══ SUPPLIED RECORDS ══

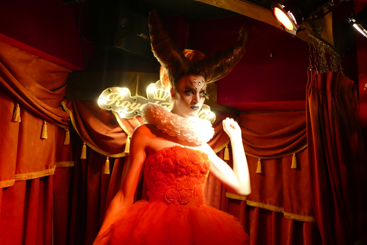 Nattmara (non-drag name Yukiro Dravarious) is the haus mother. Nattmara was formerly known as Die Schwarze Frau, and this is where the haus’s name originates. She performed in drag for a decade before having a gaggle of drag children, who are in awe of her and Verik. They excitedly tell me how Verik taught them everything about makeup and how Nattmara always has the most outrageous, groundbreaking performances. At the TW Proud Voices event, it was Nattmara who made the audience tear up with her reenactment of how LGBTQ people are bullied.
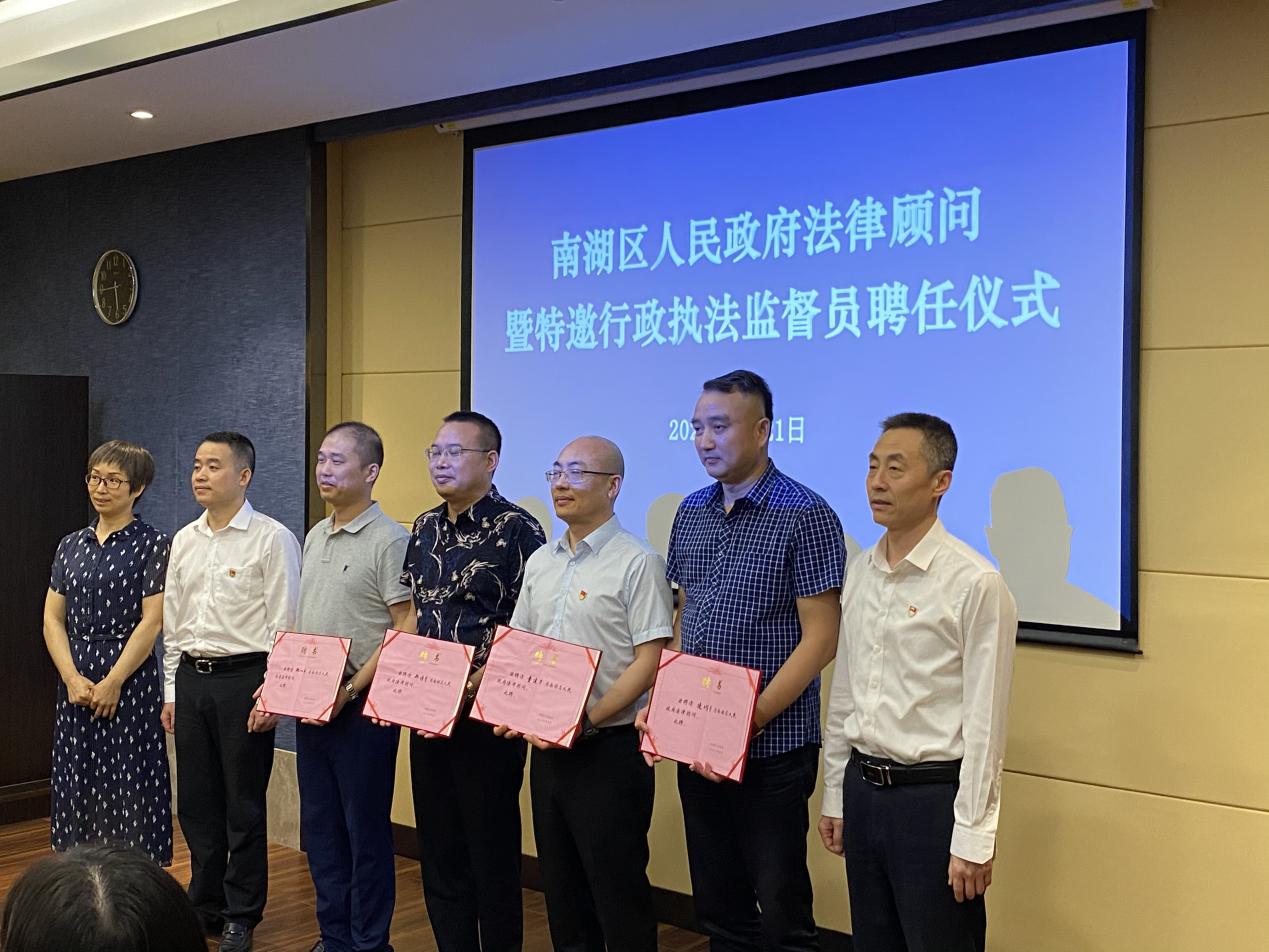 5月21日上午,在南湖区政府10号会议室,3044永利集团副经理童建华受聘为南湖区人民政府法律顾问和特邀行政执法监督员。
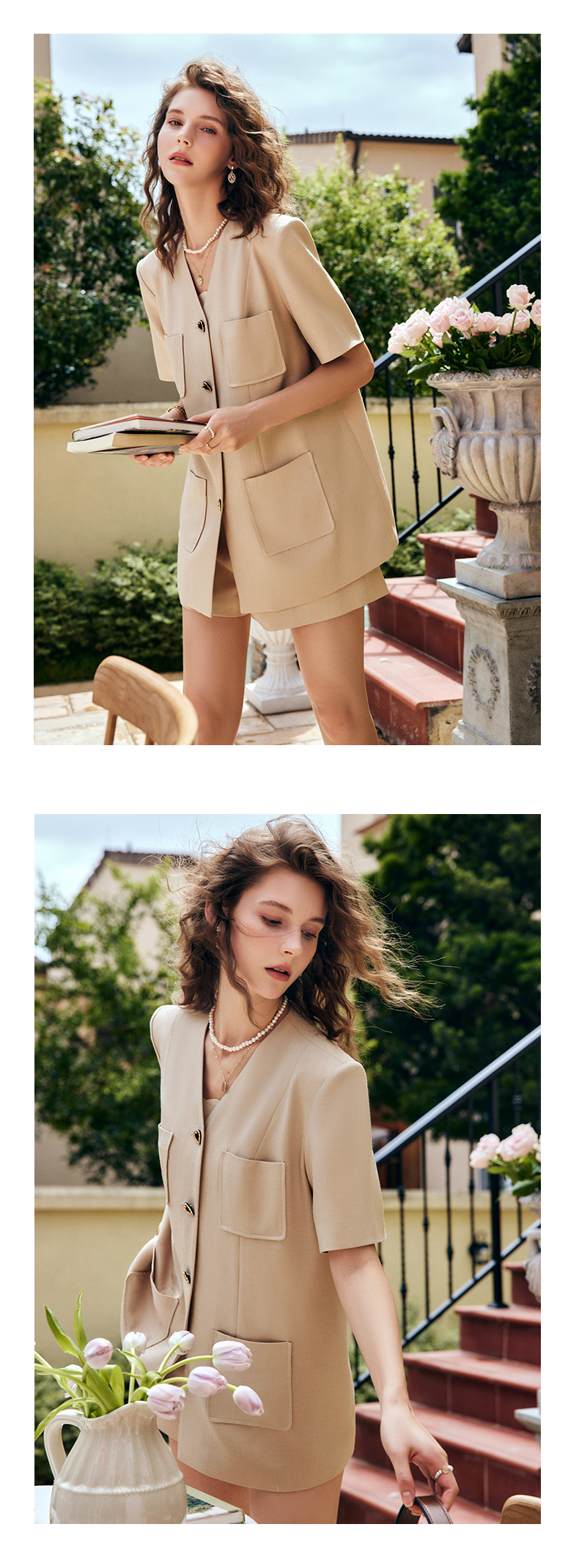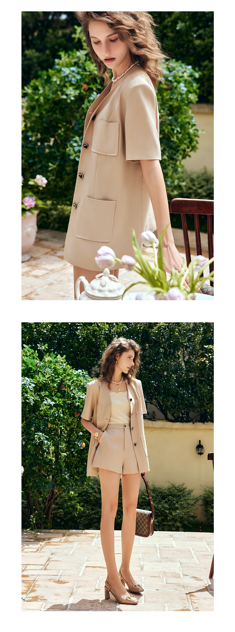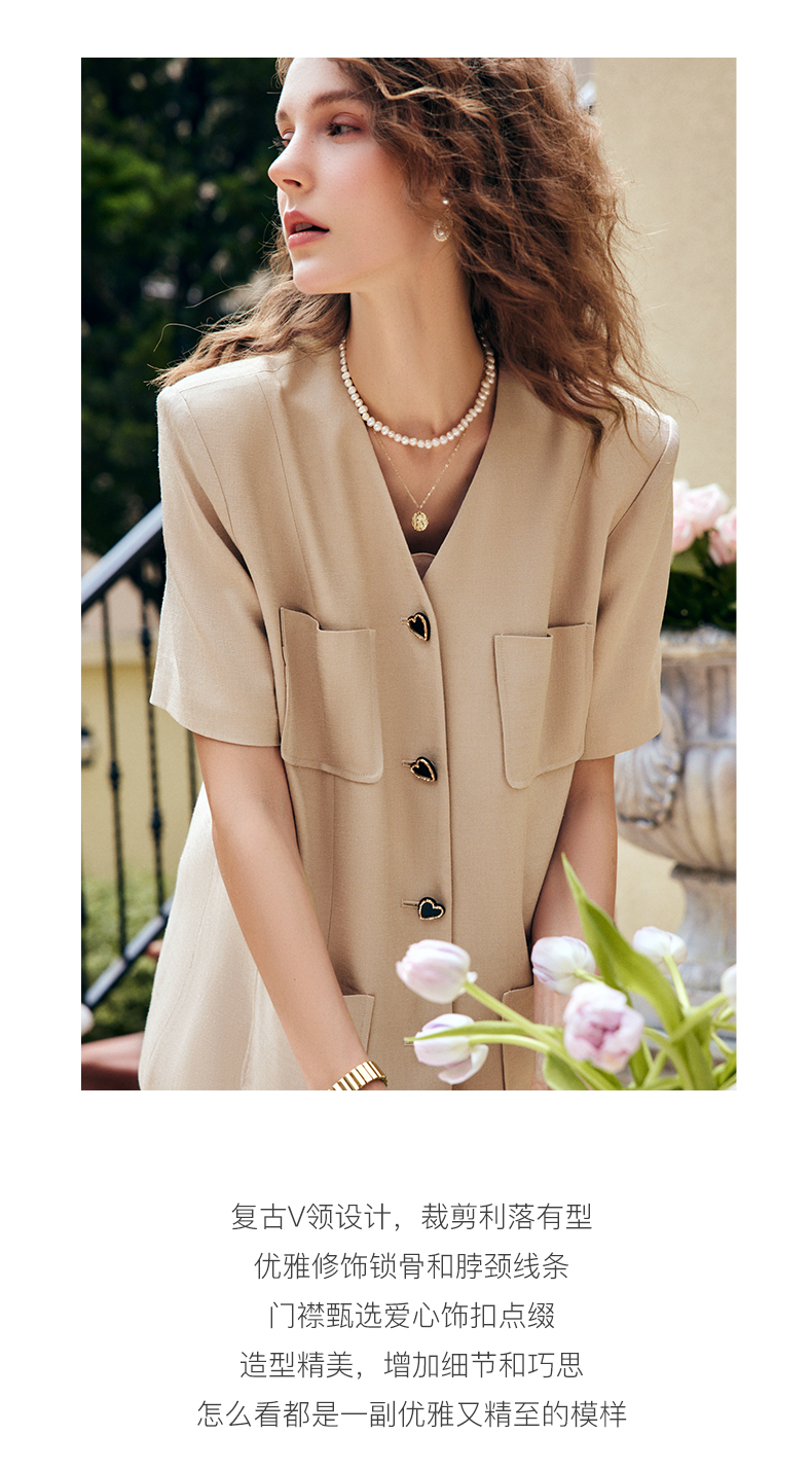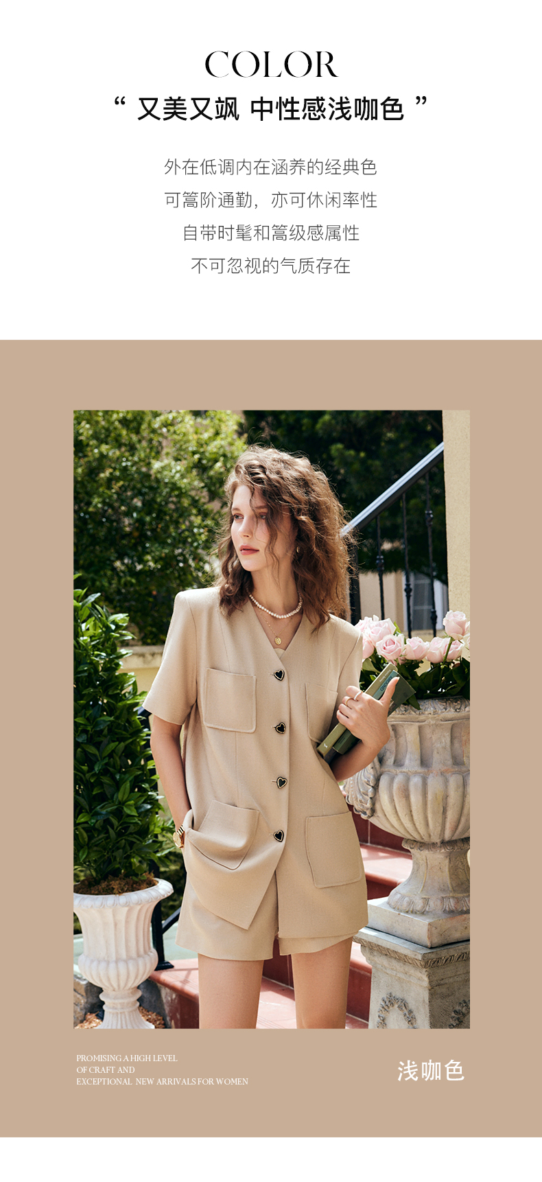 OLrain法式咖色时尚套装女早秋2022年新款宽松复古西装短裤两件套
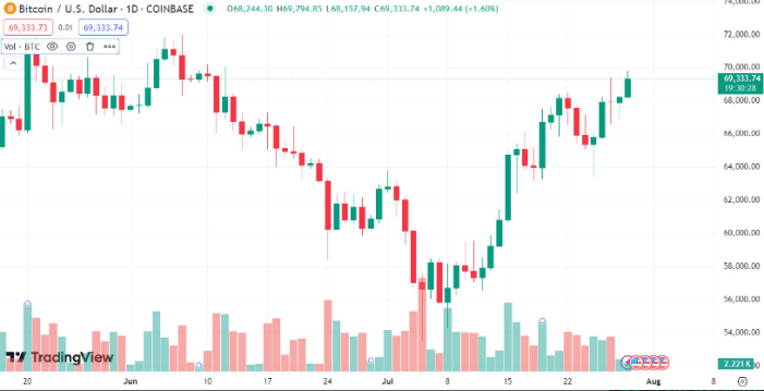 طبق گزارش تریدینگ ویو، قیمت بیت کوین در ساعات معاملات آسیا در 29 جولای به 69775 دلار رسید.
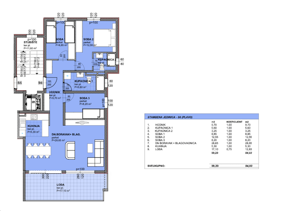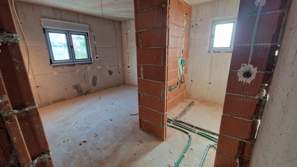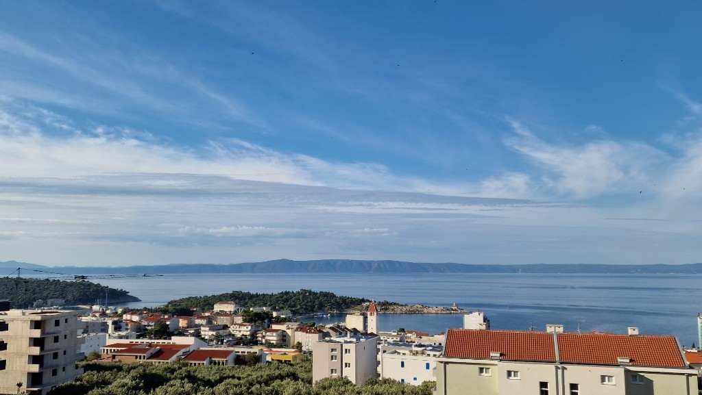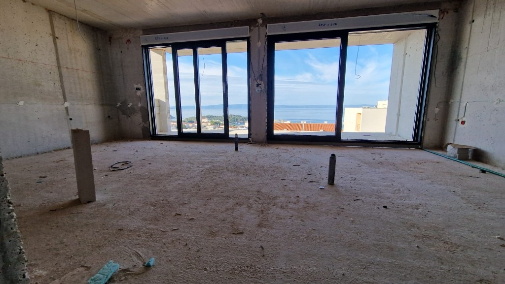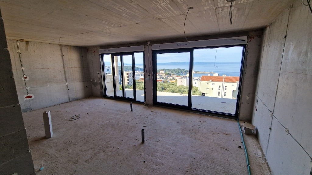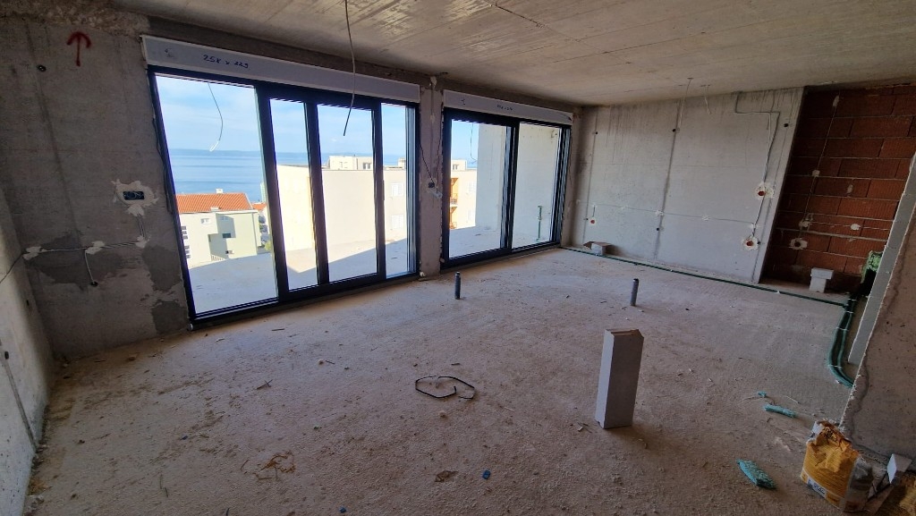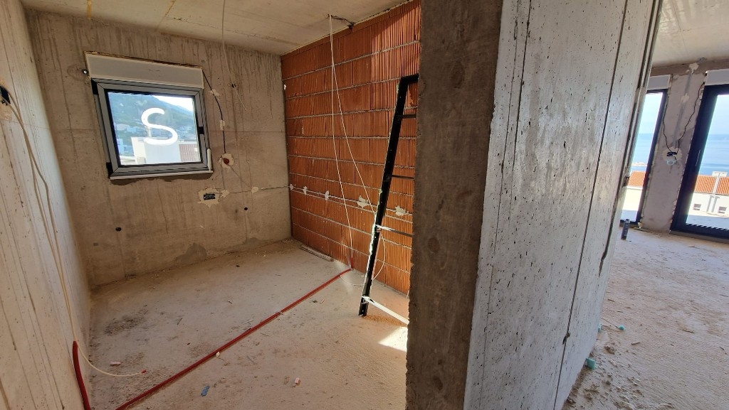 Na prodaju je trosoban stan u izgradnji, ukupne površine 94,93 m², smješten na drugom katu (visina trećeg kata) moderne zgrade s liftom. Posebnu vrijednost ovom stanu daje velika južno orijentirana terasa od 17,10 m² s otvorenim i trajnim pogledom na more, koji je zaštićen važećim prostornim planom.
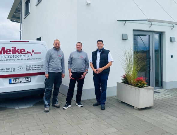 „Der Umzug ist nun abgeschlossen. Die Räder greifen wieder ineinander!“, so Geschäftsführer Philip Maier und Thorsten Meike der Firma Meike Elektrotechnik OHG. Bürgermeister Markus Hollemann besuchte die Firma…
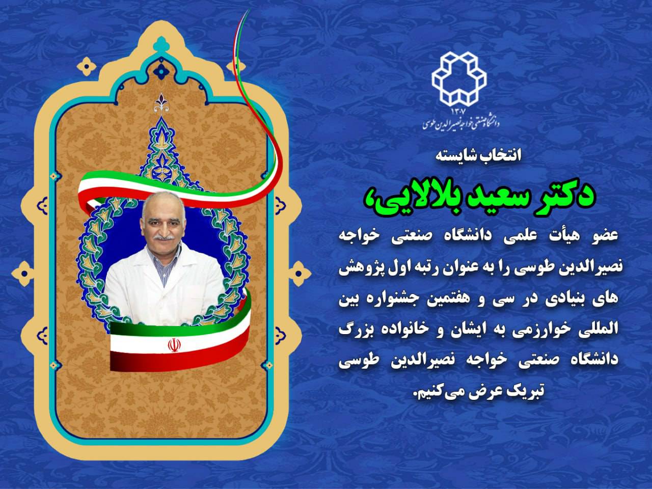 کسب موفقیت دکتر بلالایی، در سی و هفتمین جشنواره بین المللی خوارزمی
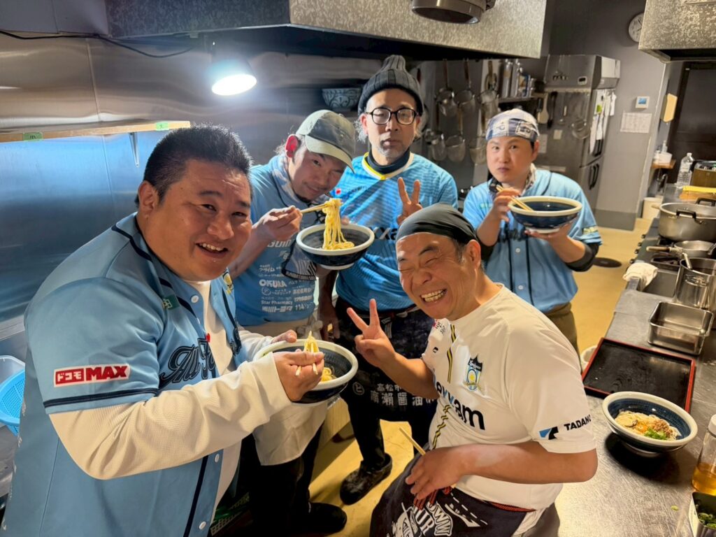 そこでなんとか残留を決定する事ができた記念と来季への決起集会も兼ねて麺匠くすがみさんにおいてサポーターの皆さんと共に残留記念イベントを開催する事となりました(笑)

═══

Beginning with the line containing "Na prodaju je" and ending with the last line of the listing above, output those lines exactly as written, without pictures.

● SOLUTION BELOW:
 Na prodaju je trosoban stan u izgradnji, ukupne površine 94,93 m², smješten na drugom katu (visina trećeg kata) moderne zgrade s liftom. Posebnu vrijednost ovom stanu daje velika južno orijentirana terasa od 17,10 m² s otvorenim i trajnim pogledom na more, koji je zaštićen važećim prostornim planom.
 „Der Umzug ist nun abgeschlossen. Die Räder greifen wieder ineinander!“, so Geschäftsführer Philip Maier und Thorsten Meike der Firma Meike Elektrotechnik OHG. Bürgermeister Markus Hollemann besuchte die Firma…
 کسب موفقیت دکتر بلالایی، در سی و هفتمین جشنواره بین المللی خوارزمی
 そこでなんとか残留を決定する事ができた記念と来季への決起集会も兼ねて麺匠くすがみさんにおいてサポーターの皆さんと共に残留記念イベントを開催する事となりました(笑)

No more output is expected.